Tectamus (/'tEkt@m@s/; Τέκταμος) was a king of Crete and hero of ancient Hellenic mythology. He was also called Tectaphus, Teutamus (Τεύταμος), Tectauus (Τεκταῦος) and Tectaeus (Τεκταῖος).

== Name ==
Joseph Vendryes had suggested that the name Teutamus, after the legendary Pelasgian founder, may contain the Proto-Indo-European root *teutéh_{a}- ('tribe, people'). Later scholars proposed a relation of Pelasgian Teutamus with similar names that appear in Italy in later times.

== Genealogy ==
Tectamus was the son of Dorus and grandson of Hellen. He married Cretheus’s daughter who gave birth to his son Asterion.

== Mythology ==
According to Diodorus Siculus, Tectamus invaded Crete together with a horde of Aeolian and Pelasgian settlers and became the island's king.
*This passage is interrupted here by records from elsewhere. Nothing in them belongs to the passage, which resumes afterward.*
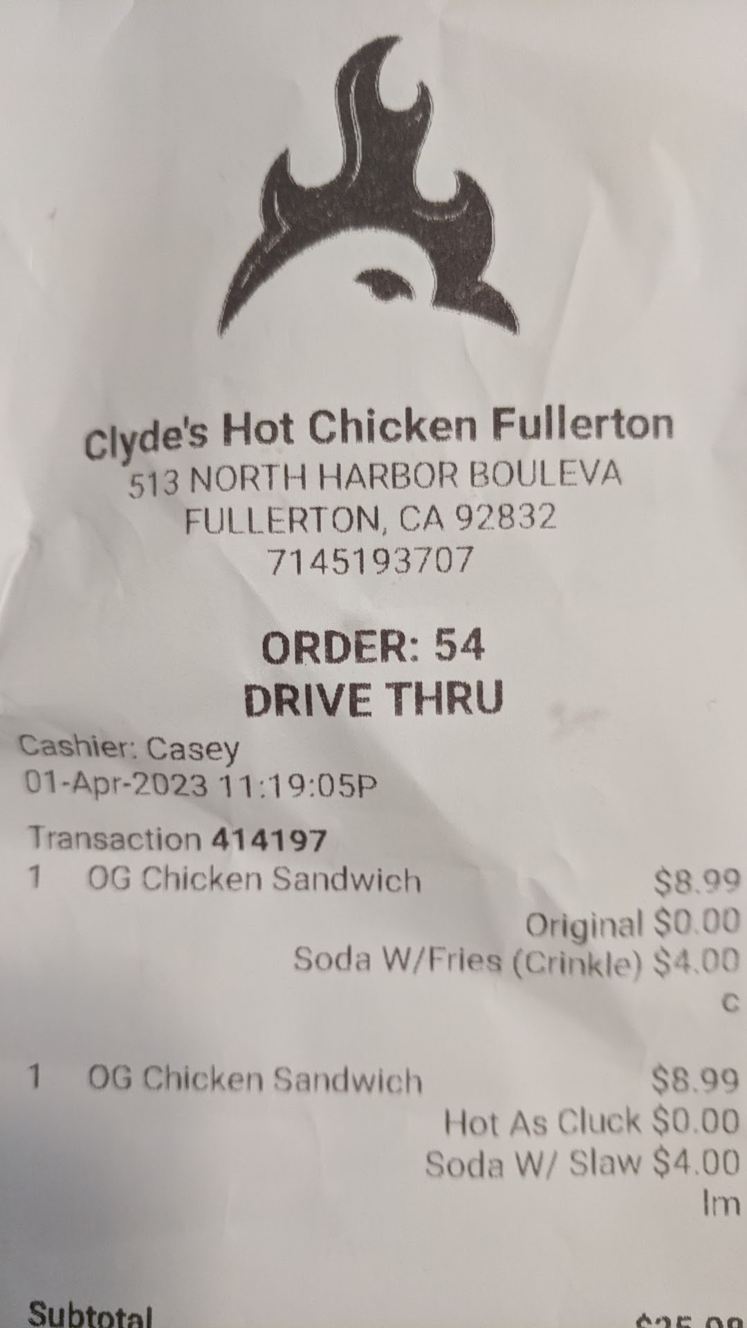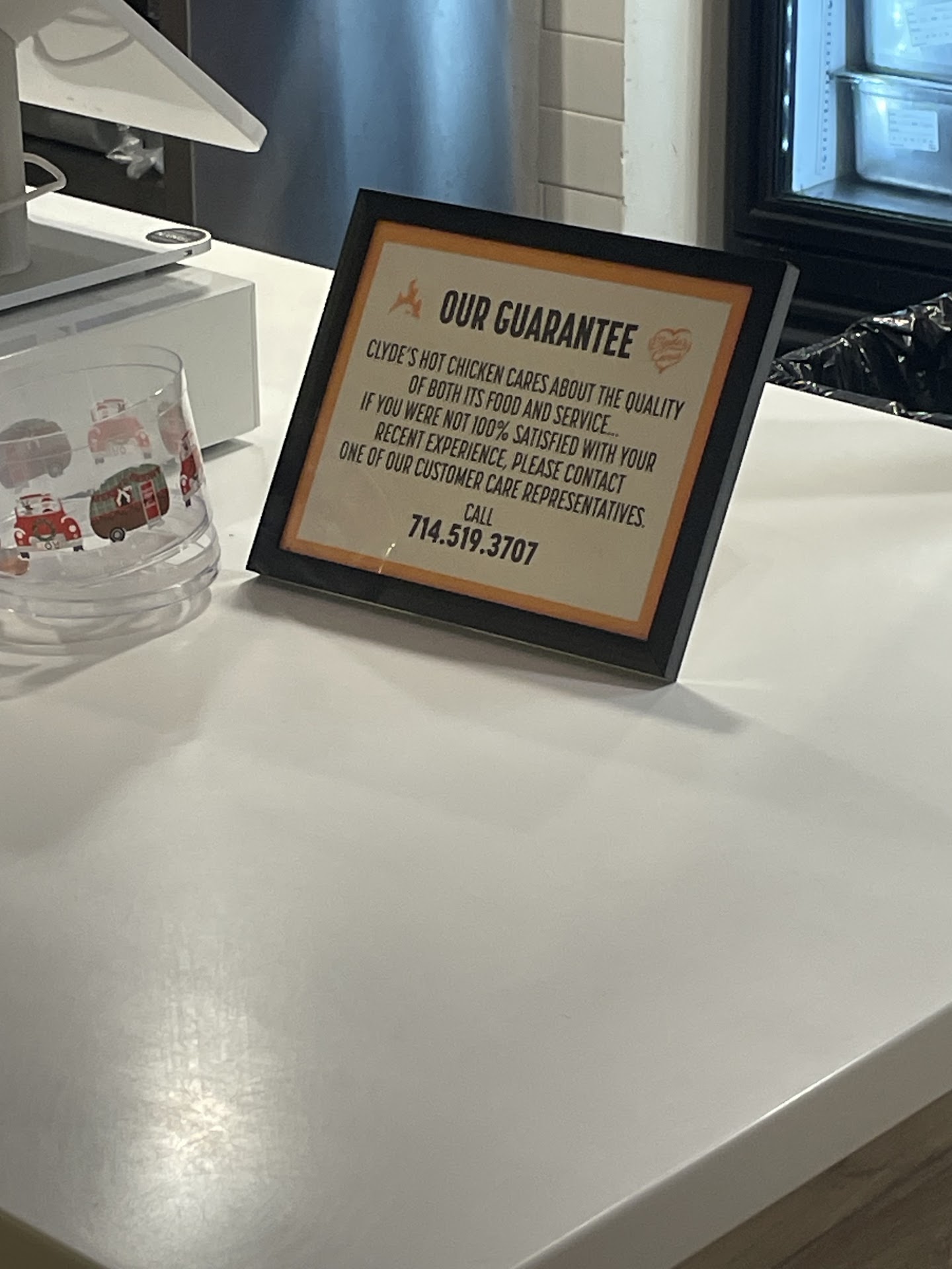 Ā Ā Ā Read moreI'm so irritated that I'm literally writing this review while still sitting in the restaurant. I had high hopes because I'm a hot chicken fan and decided to try a new place since I'm in the area. I ordered for my spouse and I and before we could walk away from the counter a young woman walks from the drive thru register and tells our cashier she accidentally deleted one of the combos from our order and it needed to be refunded and recharged. No greeting no apology she just proceeds to bulldoze the soft spoken male cashier and refund one of the items. Definitely left a nasty taste in my mouth. As someone who not only owns a catering business but has also worked in fast food the customer service was lacking to say the least. The customers before us were called for their order and they proceed to the counter to grab their trays and go sit. They realize that they have my order and offer to hand it to me. THANKS BUT NO THANKS! I walked to another female cashier who was expediting and advised that it'll need to be redone because I mean we are still in the grips of Covid and Monkeypox and that she should be careful with giving orders (food costs are no joke for owner/operators ). She had a complete attitude and said to me "I didn't give it to them they just grabbed it!"... Umm they were called to the counter for 2 orders which were haphazardlydumped on the counter! The customer doesn't work here, you do. It's really sad that a place with good food lost a potential repeat customer due to atrocious customer service. I don't spend my hard earned money where I'm treated...
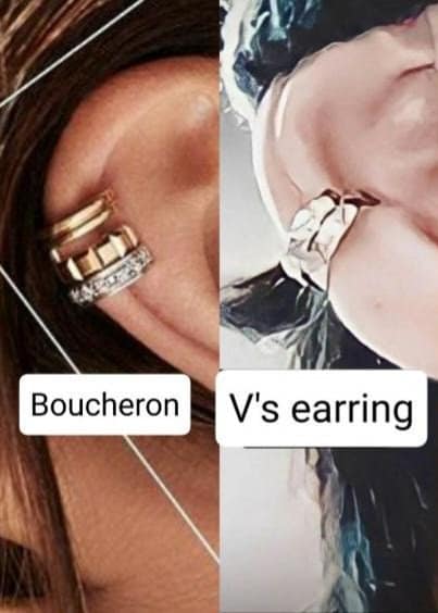 3.[+239, -23] Armyler ortalıkta V’nin kulaklığının Chanel değil Boucheron olduğunu söylüyorlar ama küpenin detaylarına bakarsanız kesinlikle Boucheron değil.
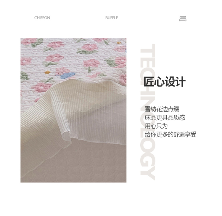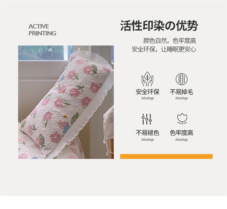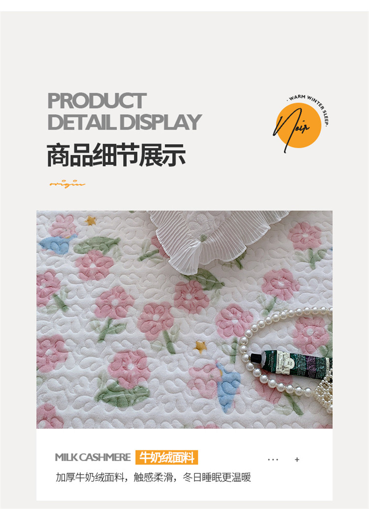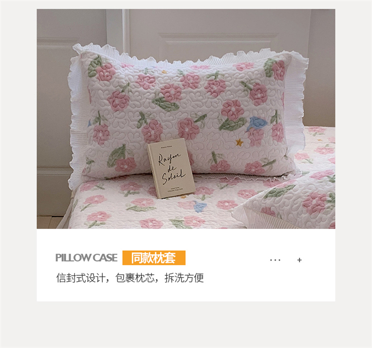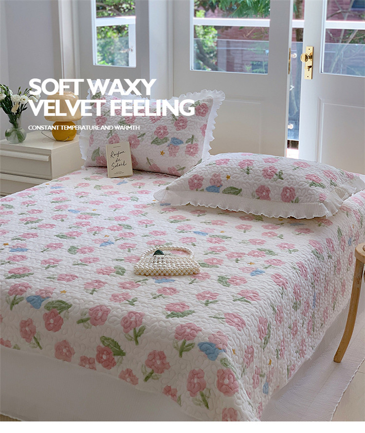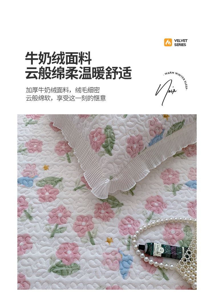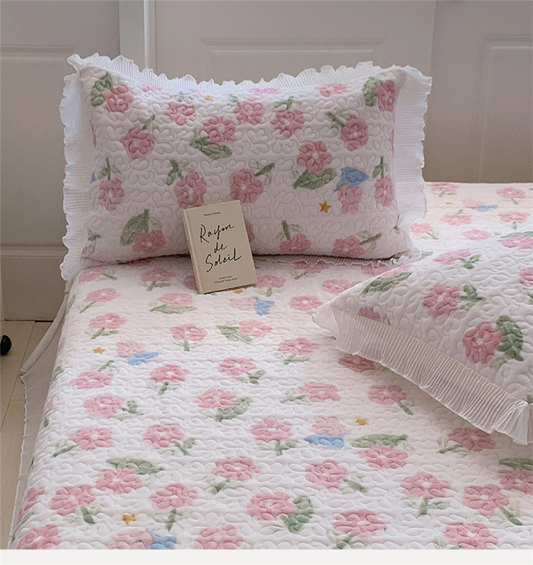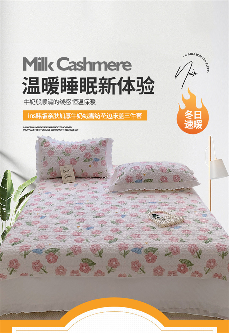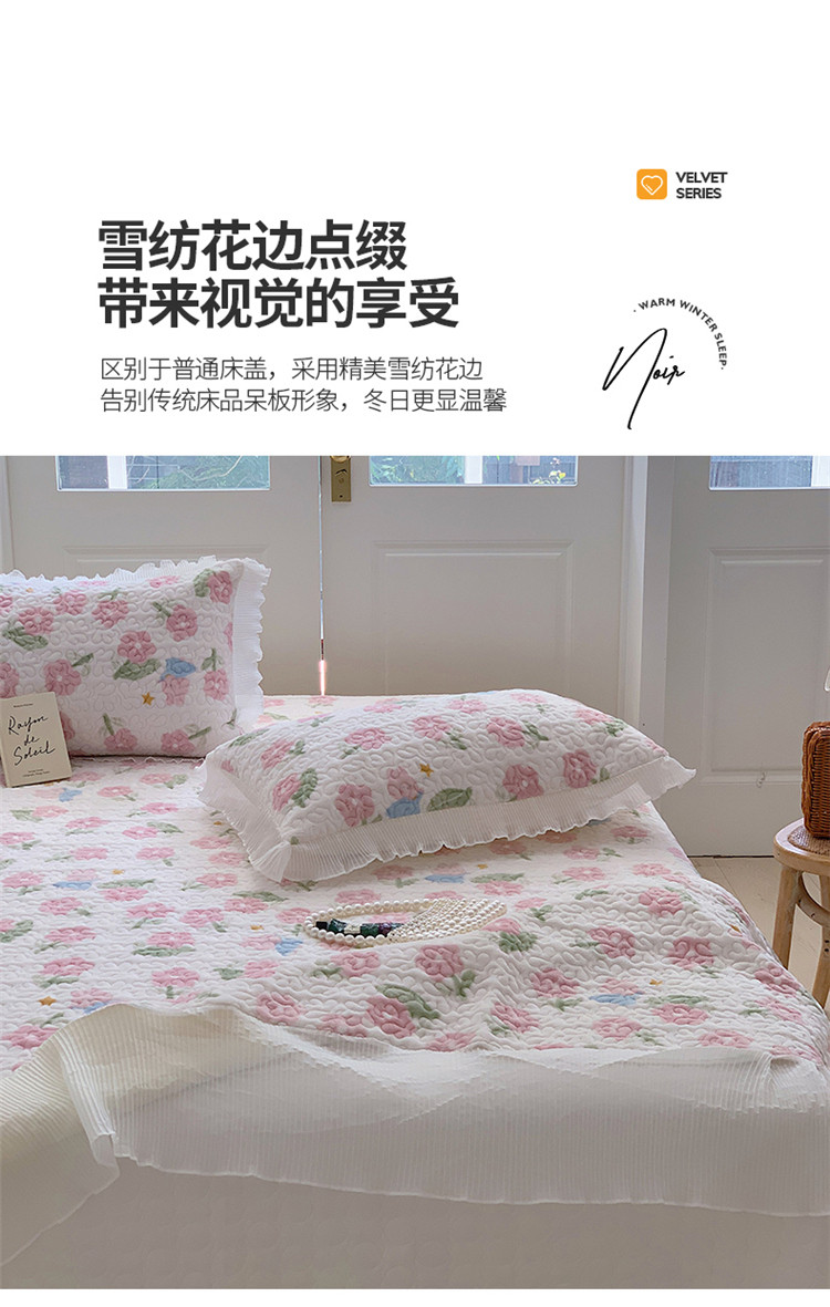 桃子ins韩版亲肤加厚牛奶绒雪纺花边床盖三件套 兔小花
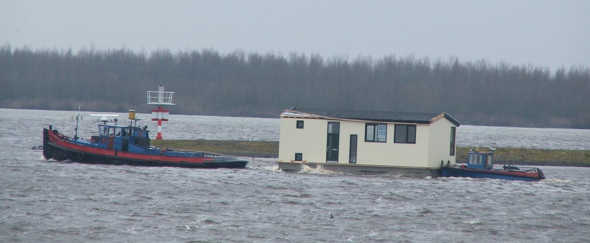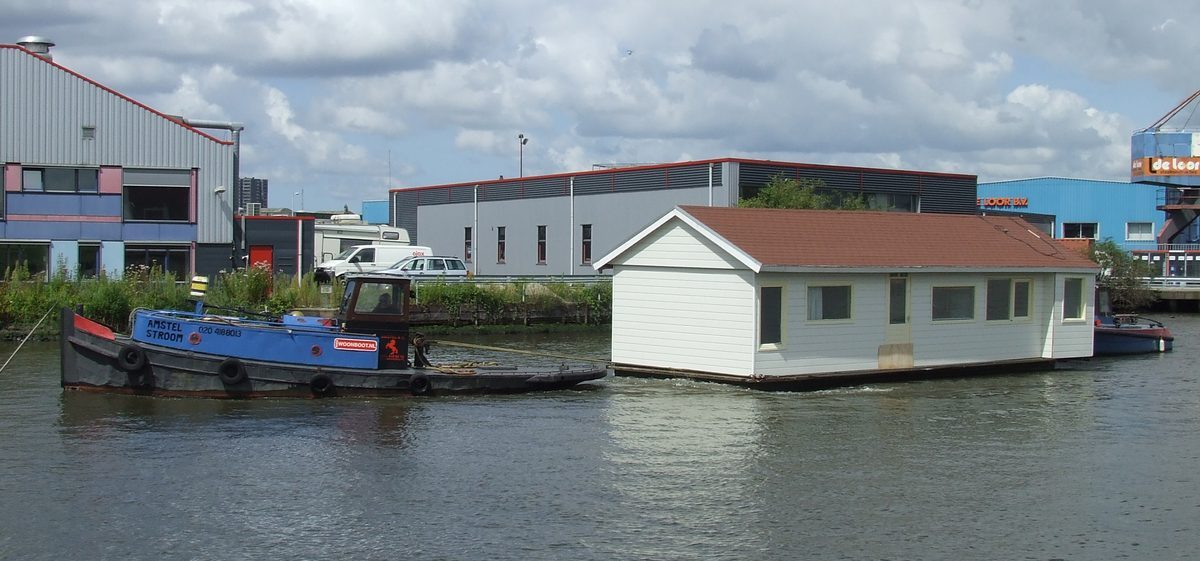 Sleepboot 'Amstelstroom' sleept een aardige woonark.
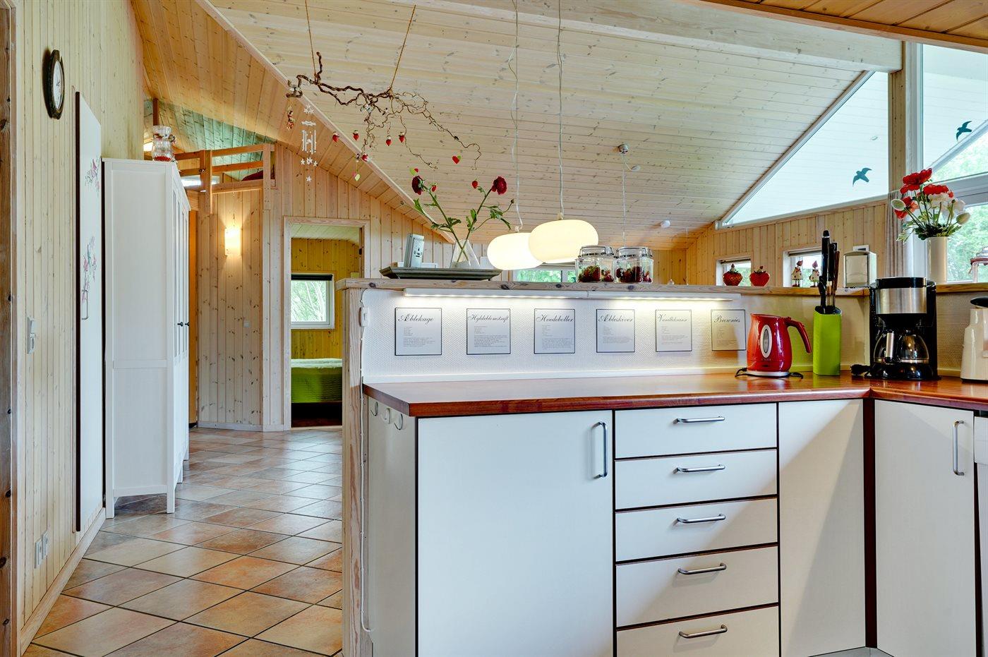 Køkkenet er udstyret med 1 køleskab. Der er 4 keramiske kogeplader, varmluftovn, mikrobølgeovn samt opvaskemaskine.
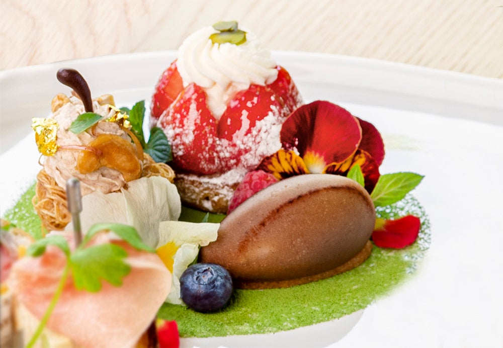 デザート…森の焼きりんごパイ、ウリ坊モンブラン、クレームマスカルポーネシトロン、タルトフレーズ、カダイフシュー、焼き菓子、ボンボンショコラのいろいろ、アイスクリームまたはソルベ
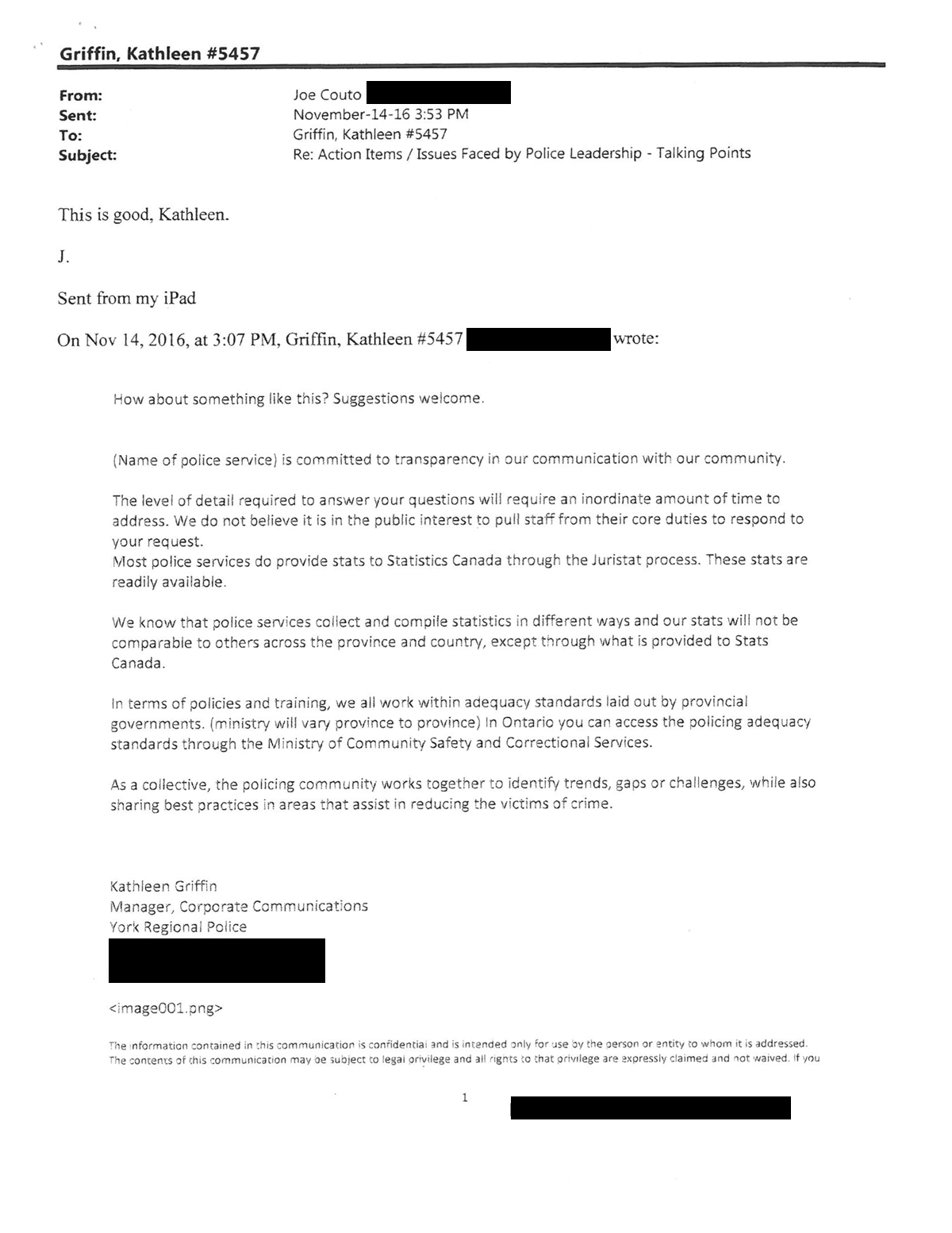 Email from Kathleen Griffin, the director of communications with the York Regional Police Service

It was the third of the tribes that migrated to Crete. According to another version, Tectamus was a chief of Dorians and Achaeans.

== In later Greek historiography ==
Historian Ctesias wrote of a king of "Assyrian" provenance named Teutamus, and this historical personage appears in an epic tale involving Memnon, son of Eos.